==== Records provided

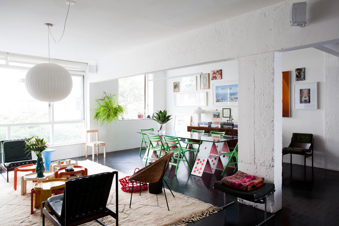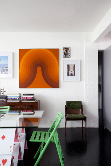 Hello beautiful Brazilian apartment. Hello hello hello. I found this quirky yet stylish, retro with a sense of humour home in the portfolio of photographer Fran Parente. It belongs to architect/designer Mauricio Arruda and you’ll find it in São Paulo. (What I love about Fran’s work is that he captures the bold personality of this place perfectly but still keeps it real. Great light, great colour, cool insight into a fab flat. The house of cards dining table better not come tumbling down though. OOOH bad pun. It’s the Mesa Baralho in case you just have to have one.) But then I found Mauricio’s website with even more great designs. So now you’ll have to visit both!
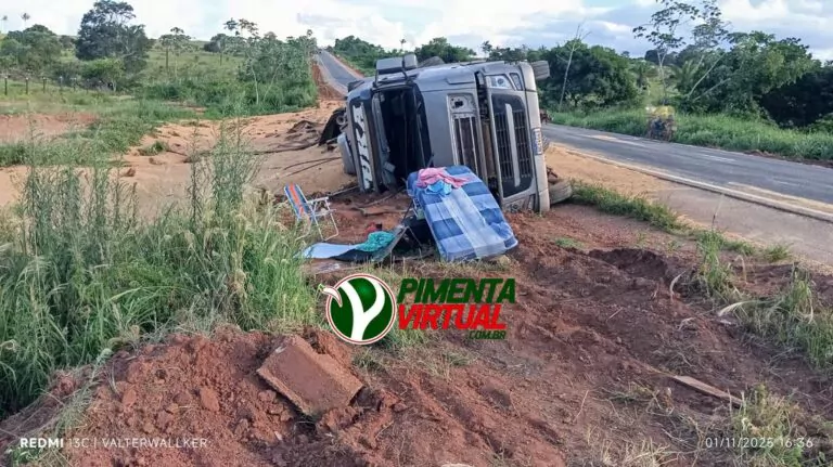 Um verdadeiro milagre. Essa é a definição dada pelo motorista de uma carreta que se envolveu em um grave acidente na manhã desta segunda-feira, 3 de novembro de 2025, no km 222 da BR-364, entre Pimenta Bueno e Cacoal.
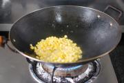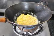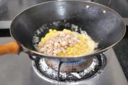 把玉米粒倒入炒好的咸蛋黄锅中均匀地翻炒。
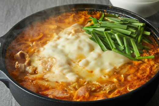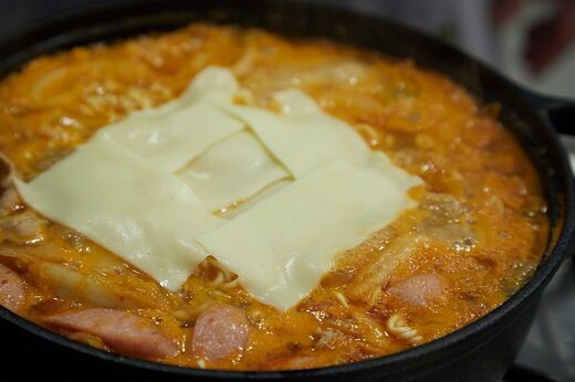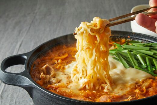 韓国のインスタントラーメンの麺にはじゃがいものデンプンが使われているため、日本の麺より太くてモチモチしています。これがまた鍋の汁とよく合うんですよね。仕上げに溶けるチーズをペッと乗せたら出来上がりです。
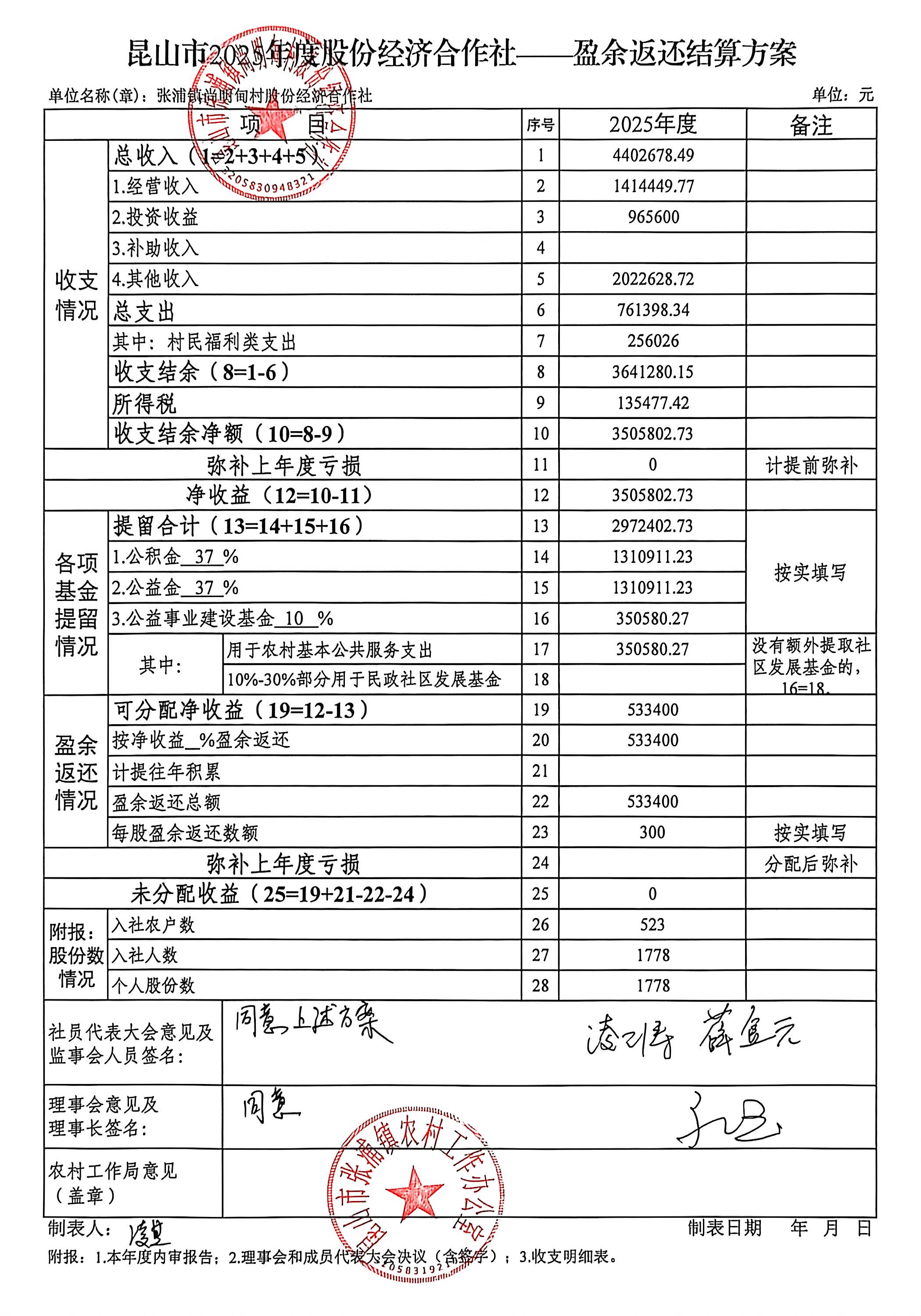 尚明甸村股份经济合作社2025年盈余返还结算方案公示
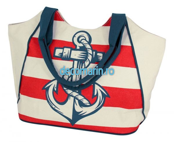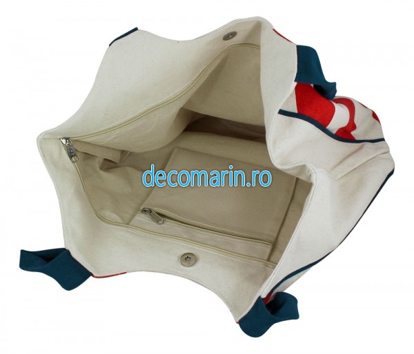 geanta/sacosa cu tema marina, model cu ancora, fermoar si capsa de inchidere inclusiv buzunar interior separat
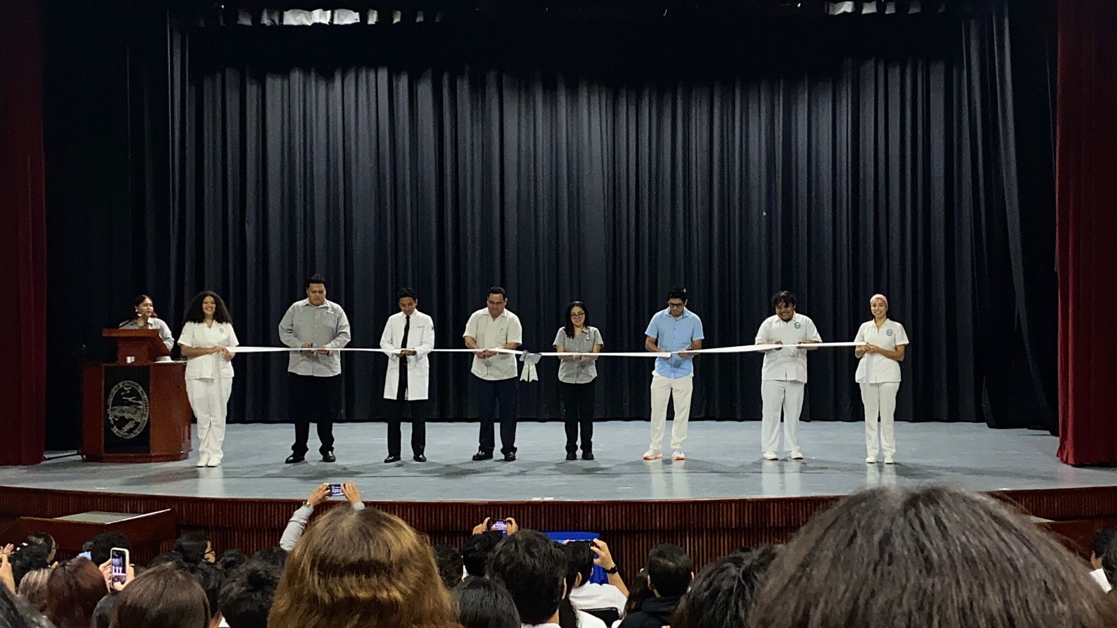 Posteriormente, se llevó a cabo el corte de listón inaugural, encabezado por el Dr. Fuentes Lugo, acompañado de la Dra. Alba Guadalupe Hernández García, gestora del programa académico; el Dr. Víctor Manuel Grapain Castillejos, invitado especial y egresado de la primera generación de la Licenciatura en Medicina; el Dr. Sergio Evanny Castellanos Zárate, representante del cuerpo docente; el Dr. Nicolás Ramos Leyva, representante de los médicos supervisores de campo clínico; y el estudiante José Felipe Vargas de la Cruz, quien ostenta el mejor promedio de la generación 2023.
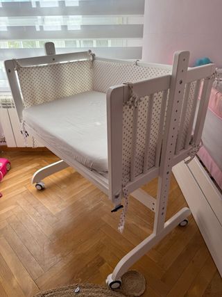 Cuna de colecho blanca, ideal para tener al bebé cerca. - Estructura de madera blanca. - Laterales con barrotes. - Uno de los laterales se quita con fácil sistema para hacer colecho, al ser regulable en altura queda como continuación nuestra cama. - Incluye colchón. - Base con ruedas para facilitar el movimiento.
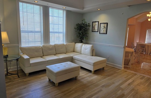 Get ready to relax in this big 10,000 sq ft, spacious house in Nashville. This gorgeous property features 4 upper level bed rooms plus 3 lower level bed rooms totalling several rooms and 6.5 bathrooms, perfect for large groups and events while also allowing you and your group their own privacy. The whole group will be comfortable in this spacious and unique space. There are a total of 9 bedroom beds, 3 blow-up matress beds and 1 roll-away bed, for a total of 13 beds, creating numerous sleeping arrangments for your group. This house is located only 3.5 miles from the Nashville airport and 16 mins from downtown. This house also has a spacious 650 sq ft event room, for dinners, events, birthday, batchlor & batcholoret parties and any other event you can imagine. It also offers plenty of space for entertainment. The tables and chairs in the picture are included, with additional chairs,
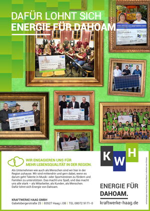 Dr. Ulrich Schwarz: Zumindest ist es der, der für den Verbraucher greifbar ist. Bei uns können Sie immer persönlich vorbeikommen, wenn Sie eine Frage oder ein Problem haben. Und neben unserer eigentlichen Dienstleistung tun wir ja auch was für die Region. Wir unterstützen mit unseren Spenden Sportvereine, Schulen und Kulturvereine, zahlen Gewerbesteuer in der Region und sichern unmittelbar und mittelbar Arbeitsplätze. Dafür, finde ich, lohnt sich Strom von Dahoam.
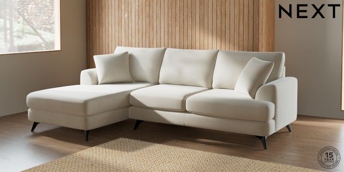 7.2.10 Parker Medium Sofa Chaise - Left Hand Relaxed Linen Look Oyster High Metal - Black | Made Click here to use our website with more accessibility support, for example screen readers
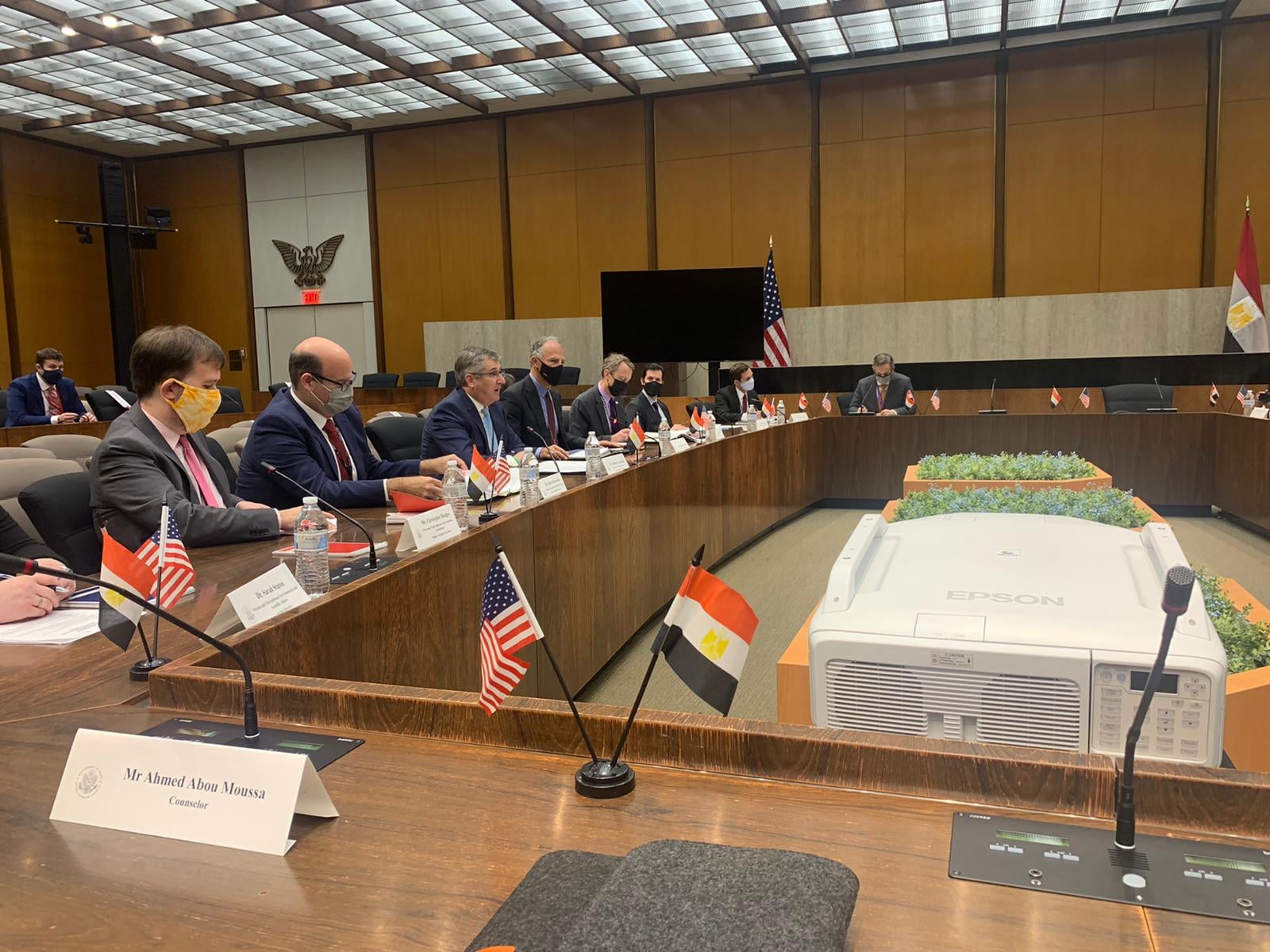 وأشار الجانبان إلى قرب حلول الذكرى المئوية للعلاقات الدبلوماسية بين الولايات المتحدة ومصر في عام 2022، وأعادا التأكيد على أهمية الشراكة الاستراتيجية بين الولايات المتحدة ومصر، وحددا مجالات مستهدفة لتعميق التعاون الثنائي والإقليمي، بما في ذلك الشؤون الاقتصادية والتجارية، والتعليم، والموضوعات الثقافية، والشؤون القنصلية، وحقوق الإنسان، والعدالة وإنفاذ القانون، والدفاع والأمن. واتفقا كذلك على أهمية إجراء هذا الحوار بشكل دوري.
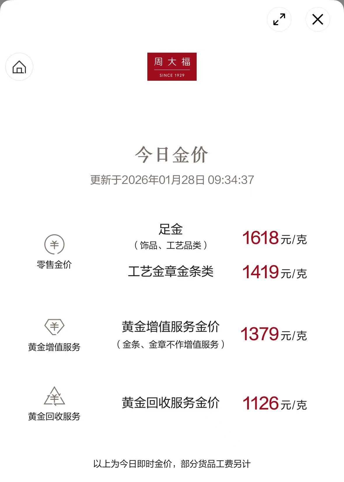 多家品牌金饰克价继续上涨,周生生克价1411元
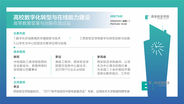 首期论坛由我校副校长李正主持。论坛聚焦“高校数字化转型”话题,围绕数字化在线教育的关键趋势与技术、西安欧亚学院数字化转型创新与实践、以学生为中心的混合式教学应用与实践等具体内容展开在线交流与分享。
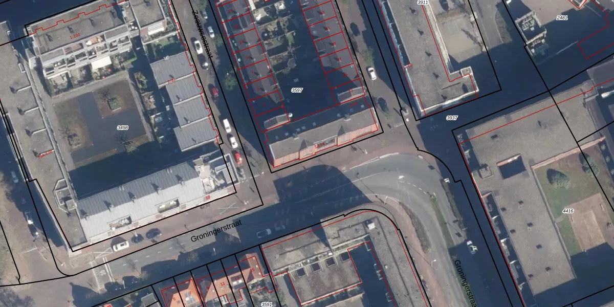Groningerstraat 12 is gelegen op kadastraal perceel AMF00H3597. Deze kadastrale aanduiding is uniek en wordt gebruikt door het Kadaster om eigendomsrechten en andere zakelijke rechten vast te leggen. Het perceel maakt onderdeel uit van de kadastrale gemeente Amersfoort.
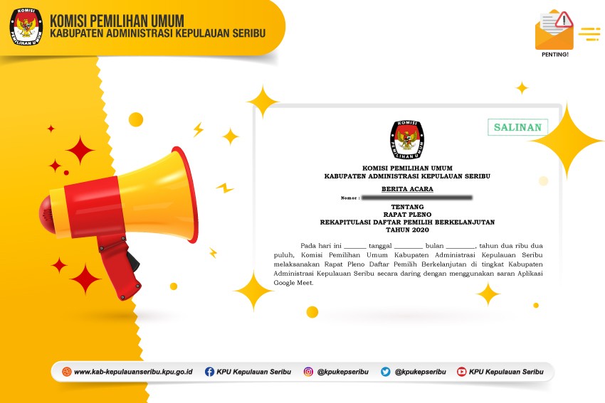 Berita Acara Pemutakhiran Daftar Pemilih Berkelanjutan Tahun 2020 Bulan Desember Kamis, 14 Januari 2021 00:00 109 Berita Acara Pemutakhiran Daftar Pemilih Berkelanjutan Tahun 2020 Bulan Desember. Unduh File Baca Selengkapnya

========

Aim of the task — Repeat only what lies between the start of the data and the end of the line containing "Posteriormente, se llevó", exactly, with pictures left out.

Output —
 Hello beautiful Brazilian apartment. Hello hello hello. I found this quirky yet stylish, retro with a sense of humour home in the portfolio of photographer Fran Parente. It belongs to architect/designer Mauricio Arruda and you’ll find it in São Paulo. (What I love about Fran’s work is that he captures the bold personality of this place perfectly but still keeps it real. Great light, great colour, cool insight into a fab flat. The house of cards dining table better not come tumbling down though. OOOH bad pun. It’s the Mesa Baralho in case you just have to have one.) But then I found Mauricio’s website with even more great designs. So now you’ll have to visit both!
 Um verdadeiro milagre. Essa é a definição dada pelo motorista de uma carreta que se envolveu em um grave acidente na manhã desta segunda-feira, 3 de novembro de 2025, no km 222 da BR-364, entre Pimenta Bueno e Cacoal.
 把玉米粒倒入炒好的咸蛋黄锅中均匀地翻炒。
 韓国のインスタントラーメンの麺にはじゃがいものデンプンが使われているため、日本の麺より太くてモチモチしています。これがまた鍋の汁とよく合うんですよね。仕上げに溶けるチーズをペッと乗せたら出来上がりです。
 尚明甸村股份经济合作社2025年盈余返还结算方案公示
 geanta/sacosa cu tema marina, model cu ancora, fermoar si capsa de inchidere inclusiv buzunar interior separat
 Posteriormente, se llevó a cabo el corte de listón inaugural, encabezado por el Dr. Fuentes Lugo, acompañado de la Dra. Alba Guadalupe Hernández García, gestora del programa académico; el Dr. Víctor Manuel Grapain Castillejos, invitado especial y egresado de la primera generación de la Licenciatura en Medicina; el Dr. Sergio Evanny Castellanos Zárate, representante del cuerpo docente; el Dr. Nicolás Ramos Leyva, representante de los médicos supervisores de campo clínico; y el estudiante José Felipe Vargas de la Cruz, quien ostenta el mejor promedio de la generación 2023.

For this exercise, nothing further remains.